Granola butter – 4 grams total sugar (4 grams added sugar)
Granola butter isn’t nut butter, but it’s often found in the same aisle as nut butter and is a good allergy-friendly option.
Like high-protein nut butter, the ingredients of granola butter vary depending on the manufacturer. The brand we researched contains these ingredients:
- Oats
- Olive oil
- Maple syrup
- Coconut oil
- Cinnamon
- Rosemary extract
- Salt
- Allspice
- Cardamom
- Ginger
As you can see from this example, all of the sugar in granola butter comes from added sugar (maple syrup).
Reduced-fat peanut butter – 4 grams total sugar (3 grams added sugar)
Reduced-fat peanut butter is lower in fat than regular peanut butter, but typically has sugar added to offset the fat reduction.
For instance, reduced-fat Jif peanut butter contains sugar, corn syrup solids, AND molasses – three types of sweeteners!
Soy nut butter – 4 grams total sugar (2 grams added sugar)
Soybeans are naturally rich in protein and are a good choice for a nut-free option. Soy nut butter is made from soybeans and soy oil, with some brands adding additional oils.
Soy nut butter isn’t suitable for special diets like Paleo but is otherwise a good alternative for those with tree nut or peanut allergies.
Tiger nut butter – 4 grams total sugar (0 grams added sugar)
While tiger nut butter is slightly higher in natural sugar compared to other nut and seed butters, none of the sugar comes from added sugar.

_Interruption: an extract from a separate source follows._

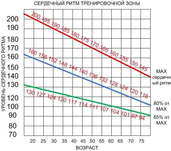 Если нагрузка подразумевает продолжительную, низко интенсивную кардиоработу, то мы называем ее аэробной. Этот красивый термин означает, что для обеспечения работающих мышц энергией необходим кислород. К аэробным нагрузкам относят бег трусцой, плавание, ходьбу, катание на велосипеде и другие похожие нагрузки. Если вы занимаетесь в зале, то синонимом аэробных нагрузок для вас будет работа на кардио тренажерах на пульсе, значительно ниже вашего анаэробного порога (линия, отмеченная на графике зеленым цветом) и зависящая от возраста. При не возможности измерить пульс, есть простой способ убедиться в том, что уровень нагрузки вам подходит – "разговорный тест"; если вы дышите слишком тяжело, чтобы поддерживать разговор с партнёром (или с самим собой) – значит интенсивность упражнения выше рекомендованной. А если вы можете пропеть несколько строк без одышки, то нагрузка слишком лёгкая [3], стр.11.
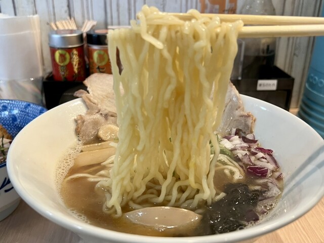 慶史さんの細ストレート麺は、モチモチシコシコで、スープとたくさん絡んでくれます!

Tiger nut butter is made from a tuberous plant called the yellow nutsedge, and it’s a Paleo-friendly option compared to more popular nut butters like peanut butter or nut butters with added sugar.
However, tiger nut butter isn’t suitable for low-carb diets like keto because of its total carb content (see table below).
Nutritional comparison of high-sugar nut butter
Serving size: 2 tbsp. | Calories | Total fat (saturated) | Total carbs | Net carbs (fiber) | Total sugars (incl. added) | Protein |
Nutella | 200 | 12 g (4 g) | 23 g | 22 g (1 g) | 21 g (19 g) | 2 g |
High-protein nut butter | 200 | 14 g (2.5 g) | 8 g | 5 g (3 g) | 5 g (4 g) | 10 g |
Granola butter | 170 | 12 g (4 g) | 14 g | 13 (1 g) | 4 g (4 g) | 3 g |
Reduced-fat peanut butter | 190 | 12 g (2.5 g) | 15 g | 13 g (2 g) | 4 g (3 g) | 7 g |
Soy nut butter | 200 | 15 g (3 g) | 8 g | 6 g (2 g) | 4 g (2 g) | 7 g |
Tiger nut butter | 180 | 13 g (5 g) | 14 g | 7 g (7 g) | 4 g (0 g) | 1 g |
FAQs:
Nut and seed butters which don’t contain added sugars aren’t likely to spike blood sugar levels because they’re generally low in carbohydrates and rich in protein, which helps promote stable blood sugar levels.
Nut butter that doesn’t contain added sugars isn’t likely to spike insulin levels because it isn’t generally high in carbs and is a good source of both protein and fat, which help delay the rise in blood sugar. When blood sugar levels rise more slowly, insulin levels aren’t likely to spike.